Posted by: common intelligence on Oct 31, 2008 10:31 AM   
Current rating: 5    [1 = poor; 5 = excellent]
Let's see. Paulson weasles a Trillion plus bailout. (Let us not exclude the money for Goldman Sachs and AIG).
Congress approves it.
Some people, less than 1 %, I think, get Millions in their bank accounts and are hidden from the world.
Then little stock holders and 401K er's , suckers at-large, loose big time.

So here's what I don't get>
• The hyper inflated values of virtually everything fall down to reality.
People don't want to accept they have been set up for years to be swindled by these sales pitches pushed on them, of the "ever increasing, growth model, economic model that was and is an impossiblity.

• Bush dodges any responsibility for any short comings in being in control on his elected post. SO he's not responsible.

• Now you're all saying there is a mass "transfer of wealth"?
with a monetary system that is based on debt and being "bailed out with more debt"?

What transfer of wealth are are you taking about?
People only have the power they are given.
People only have the wealth they control.
You, the people, allowed this all to transpire by >i>going along like good-don't-rock-the-boat sheep.
The weath you may have all been counting on never was. But you where all lead to believe America was too big to fail. SO you heald on to your faith in ignorance.

It seems to me the people are reaping the wealth that ignorance has bequithed upon them. Unfortunate for those like me that have been trying to tell them they are being suckered, and have been for years, have to stay stuck in this mire along with the idiots that allowed it to happen.

It's like some idiot I heard (I think he was a dock worker or a plumber) in an interview yesterday. He was a young and blinding hopeful moron that said he was voting for McCain because " everyone in America has the same opportunity and freedom to suceed and prosper as anyone else. He feared "socialism"(obviously not knowing what it is).
Well if this is the level of intellegence of the mean population....
...being at the front of the line looks like dumb does as dumb is.

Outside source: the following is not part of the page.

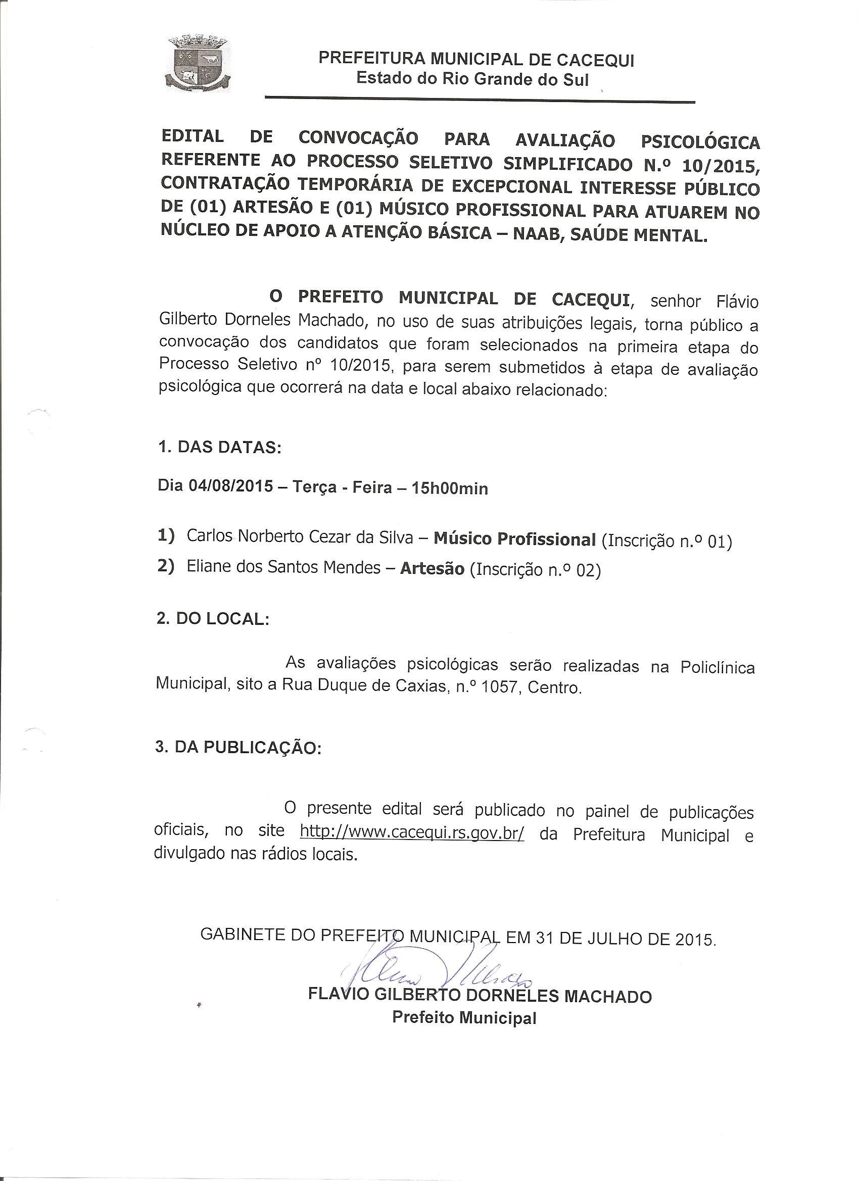 Processo Seletivo n° 10 / 2015 |

Like Joe the Plumber, it seems everyone's looking for an insurance plan for prosperity, all at the expence of someone elses efforts.
Because "work" is the only wealth, until you're too old and physically decrepid to actually do it. And no insurance, stock holdings or 401k's are going to make your old age any more financially bearible.
So where is the Money? Didn't have it before. Still don't have it.
Striving to pay insurance that never pays off?
Striving to buy your children a better life than yours?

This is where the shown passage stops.